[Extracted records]
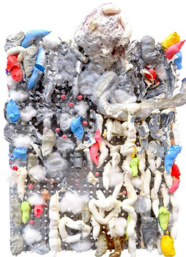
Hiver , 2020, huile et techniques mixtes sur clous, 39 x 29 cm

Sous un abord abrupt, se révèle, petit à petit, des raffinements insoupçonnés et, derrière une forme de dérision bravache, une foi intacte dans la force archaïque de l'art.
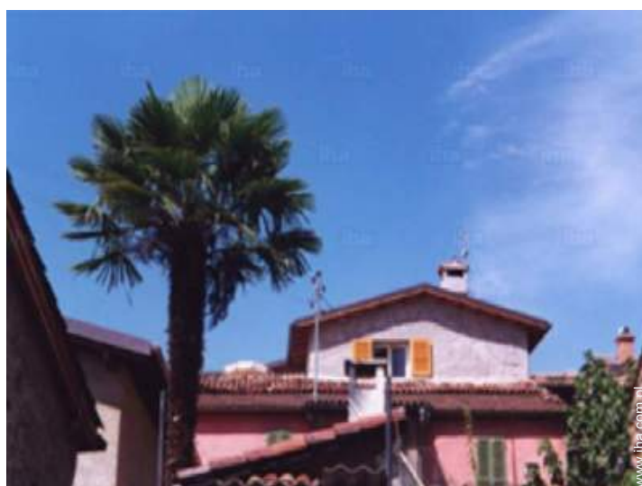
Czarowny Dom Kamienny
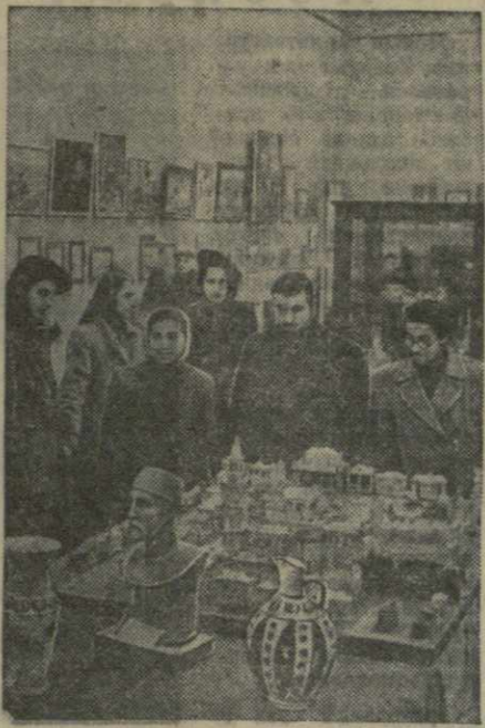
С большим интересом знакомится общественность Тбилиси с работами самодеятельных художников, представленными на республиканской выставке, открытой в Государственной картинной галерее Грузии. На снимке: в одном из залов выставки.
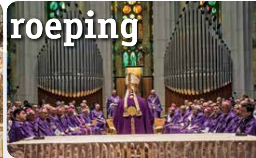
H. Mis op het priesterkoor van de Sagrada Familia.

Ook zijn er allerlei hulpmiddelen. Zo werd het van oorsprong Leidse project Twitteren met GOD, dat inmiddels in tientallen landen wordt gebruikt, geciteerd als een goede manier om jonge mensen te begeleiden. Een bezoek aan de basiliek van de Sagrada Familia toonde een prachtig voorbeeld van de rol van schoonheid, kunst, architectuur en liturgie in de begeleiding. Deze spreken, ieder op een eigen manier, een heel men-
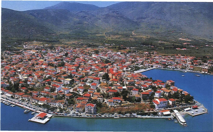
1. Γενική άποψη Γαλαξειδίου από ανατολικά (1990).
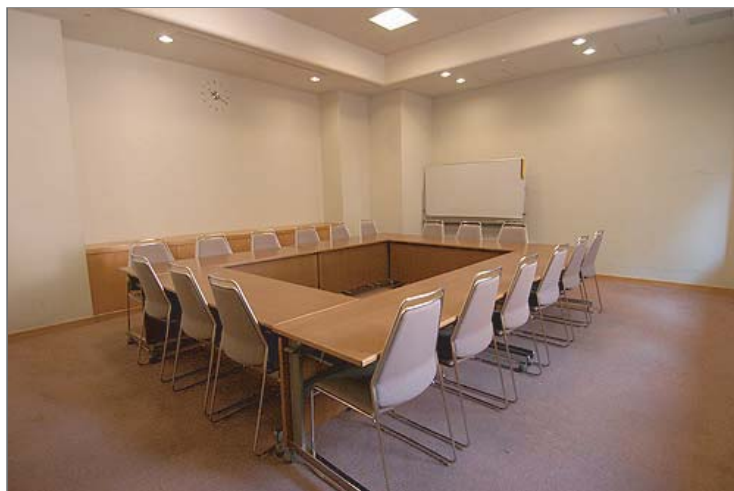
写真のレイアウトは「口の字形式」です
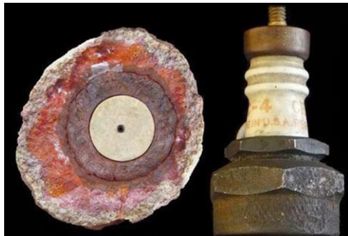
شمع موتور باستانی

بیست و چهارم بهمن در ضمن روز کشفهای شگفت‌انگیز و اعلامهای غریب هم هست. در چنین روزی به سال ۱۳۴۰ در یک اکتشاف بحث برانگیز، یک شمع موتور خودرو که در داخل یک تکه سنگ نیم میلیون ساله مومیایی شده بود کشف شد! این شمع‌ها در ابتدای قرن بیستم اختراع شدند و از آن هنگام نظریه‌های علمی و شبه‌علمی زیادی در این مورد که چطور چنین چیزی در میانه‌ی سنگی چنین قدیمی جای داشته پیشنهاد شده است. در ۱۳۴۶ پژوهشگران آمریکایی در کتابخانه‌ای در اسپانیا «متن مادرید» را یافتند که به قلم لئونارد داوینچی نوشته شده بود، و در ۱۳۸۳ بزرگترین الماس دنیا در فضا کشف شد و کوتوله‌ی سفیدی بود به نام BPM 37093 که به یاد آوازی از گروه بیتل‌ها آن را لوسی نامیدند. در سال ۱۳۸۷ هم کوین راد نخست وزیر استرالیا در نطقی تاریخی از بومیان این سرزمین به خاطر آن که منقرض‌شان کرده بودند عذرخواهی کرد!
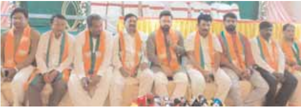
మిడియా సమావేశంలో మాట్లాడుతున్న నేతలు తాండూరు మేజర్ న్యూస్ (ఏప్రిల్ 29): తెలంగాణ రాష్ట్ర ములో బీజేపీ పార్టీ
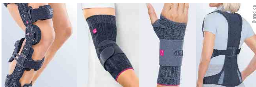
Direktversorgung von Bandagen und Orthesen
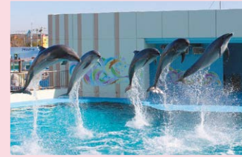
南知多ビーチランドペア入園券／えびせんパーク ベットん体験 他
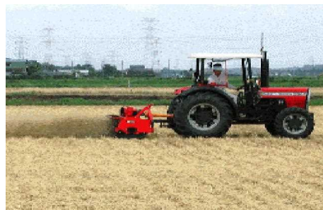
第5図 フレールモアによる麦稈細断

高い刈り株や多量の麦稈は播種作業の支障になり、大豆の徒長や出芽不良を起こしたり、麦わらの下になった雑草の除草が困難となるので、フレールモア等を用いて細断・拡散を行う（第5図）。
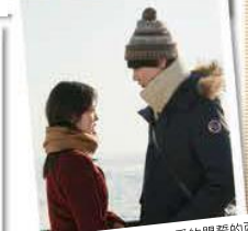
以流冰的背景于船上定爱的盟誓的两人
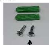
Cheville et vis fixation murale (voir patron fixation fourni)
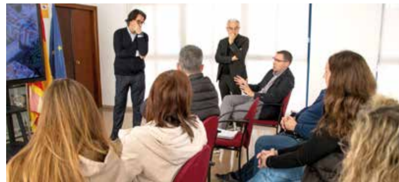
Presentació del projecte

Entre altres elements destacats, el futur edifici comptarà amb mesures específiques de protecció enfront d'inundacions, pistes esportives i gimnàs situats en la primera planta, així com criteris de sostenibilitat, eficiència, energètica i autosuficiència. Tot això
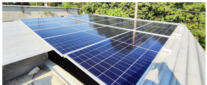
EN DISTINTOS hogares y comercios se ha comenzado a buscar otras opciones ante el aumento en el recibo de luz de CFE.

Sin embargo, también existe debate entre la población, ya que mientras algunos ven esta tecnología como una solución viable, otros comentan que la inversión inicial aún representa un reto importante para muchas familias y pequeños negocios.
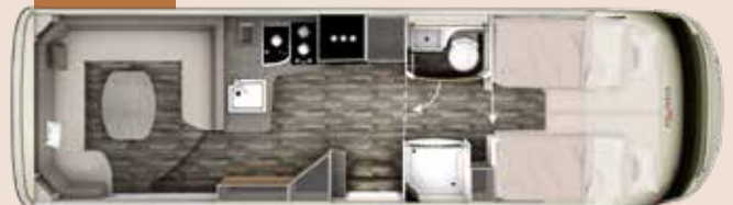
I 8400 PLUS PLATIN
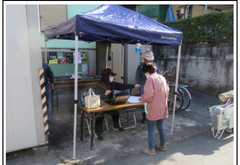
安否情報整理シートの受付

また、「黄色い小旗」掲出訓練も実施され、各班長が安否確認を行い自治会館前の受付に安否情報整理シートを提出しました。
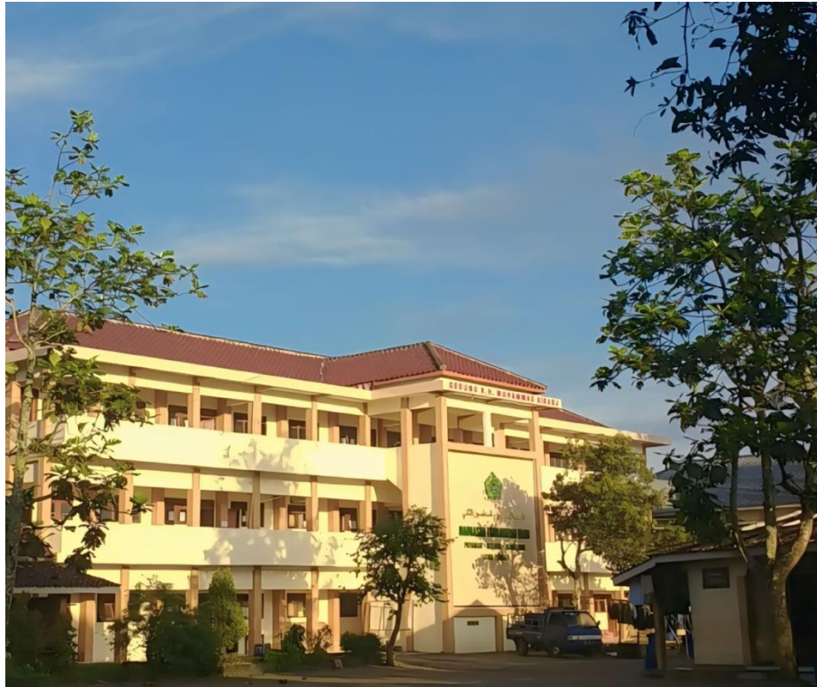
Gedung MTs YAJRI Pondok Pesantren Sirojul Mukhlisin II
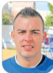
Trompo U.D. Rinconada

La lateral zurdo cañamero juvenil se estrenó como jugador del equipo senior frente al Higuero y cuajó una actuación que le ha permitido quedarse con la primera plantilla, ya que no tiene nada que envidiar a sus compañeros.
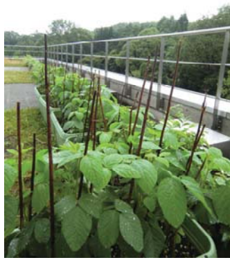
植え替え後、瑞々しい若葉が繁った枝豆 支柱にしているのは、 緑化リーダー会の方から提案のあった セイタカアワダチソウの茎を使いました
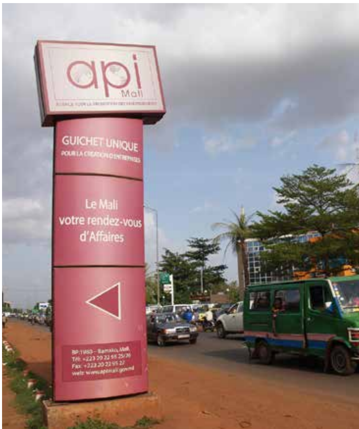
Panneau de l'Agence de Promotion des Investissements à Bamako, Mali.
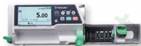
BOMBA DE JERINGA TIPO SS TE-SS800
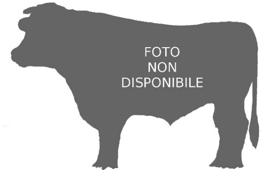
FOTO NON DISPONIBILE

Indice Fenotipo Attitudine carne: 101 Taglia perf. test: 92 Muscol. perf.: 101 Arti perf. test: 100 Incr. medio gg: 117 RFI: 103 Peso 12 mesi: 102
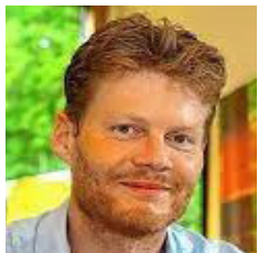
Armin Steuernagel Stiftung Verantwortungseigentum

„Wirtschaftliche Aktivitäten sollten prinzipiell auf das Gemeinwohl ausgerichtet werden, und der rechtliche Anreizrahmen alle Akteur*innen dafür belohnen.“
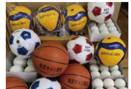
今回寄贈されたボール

*EXERCISE BRIEF*. Find the line containing "Sin embargo, también" in the records above, then copy it and every line after it exactly, through the last one, without any pictures.

*TASK RESULT*.
Sin embargo, también existe debate entre la población, ya que mientras algunos ven esta tecnología como una solución viable, otros comentan que la inversión inicial aún representa un reto importante para muchas familias y pequeños negocios.
I 8400 PLUS PLATIN
安否情報整理シートの受付

また、「黄色い小旗」掲出訓練も実施され、各班長が安否確認を行い自治会館前の受付に安否情報整理シートを提出しました。
Gedung MTs YAJRI Pondok Pesantren Sirojul Mukhlisin II
Trompo U.D. Rinconada

La lateral zurdo cañamero juvenil se estrenó como jugador del equipo senior frente al Higuero y cuajó una actuación que le ha permitido quedarse con la primera plantilla, ya que no tiene nada que envidiar a sus compañeros.
植え替え後、瑞々しい若葉が繁った枝豆 支柱にしているのは、 緑化リーダー会の方から提案のあった セイタカアワダチソウの茎を使いました
Panneau de l'Agence de Promotion des Investissements à Bamako, Mali.
BOMBA DE JERINGA TIPO SS TE-SS800
FOTO NON DISPONIBILE

Indice Fenotipo Attitudine carne: 101 Taglia perf. test: 92 Muscol. perf.: 101 Arti perf. test: 100 Incr. medio gg: 117 RFI: 103 Peso 12 mesi: 102
Armin Steuernagel Stiftung Verantwortungseigentum

„Wirtschaftliche Aktivitäten sollten prinzipiell auf das Gemeinwohl ausgerichtet werden, und der rechtliche Anreizrahmen alle Akteur*innen dafür belohnen.“
今回寄贈されたボール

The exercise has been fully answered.